Different generations, different approaches?
Picture this scenario: the leader of your long-established team has retired, and his replacement is a young manager, straight out of business school.
She's anxious to get going in the organization, and you hope that she'll bring some new life and energy into the company.
As the weeks go by, however, you begin to see growing discomfort and conflict between the older staff and this new team member.
Your older colleagues think "the new kid" is overconfident, pushy, and too anxious to leave at precisely 5:00 p.m. The newcomer finds it hard to get support from her older colleagues. She's concerned that they can't (or won't) multitask, they're less confident with technology, and they're unwilling to share their hard-earned knowledge. As a result, cooperation is suffering.

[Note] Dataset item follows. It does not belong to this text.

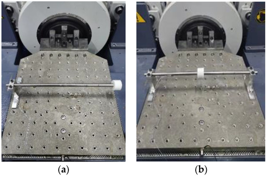 This paper refers to the vibration mode of the test pipeline (external diameter ϕ = 16 mm, wall thickness t = 1 mm) with a length of 50 mm, where the measuring point of the sensor (PCB, model 352C22) was 12.5 cm away from the left end of the pipeline, and the particle impact damper was selected at the middle of the pipeline. The instruments required for the test and the test layout of the vibration table (ES-10-240, frequency range 2–5000 Hz) are shown in Figure 5.

How can you bridge this generation gap? And why is this important?
There's little doubt that the U.S. workforce is at a unique point in history (other countries face similar situations). As "Baby Boomers" – people born between 1946 and 1964 – begin to retire, a new generation is stepping into their shoes.
Generation X, or Gen X (born between 1965 and 1976), and Generation Y, or Gen Y (also called "Millennials," born between 1977 and 1998), have values and work styles that are completely different from the baby boomers. Finding ways to bridge the gaps within this new multigenerational workforce takes great skill – and it all starts with understanding how new generation leaders think, and what's important to them.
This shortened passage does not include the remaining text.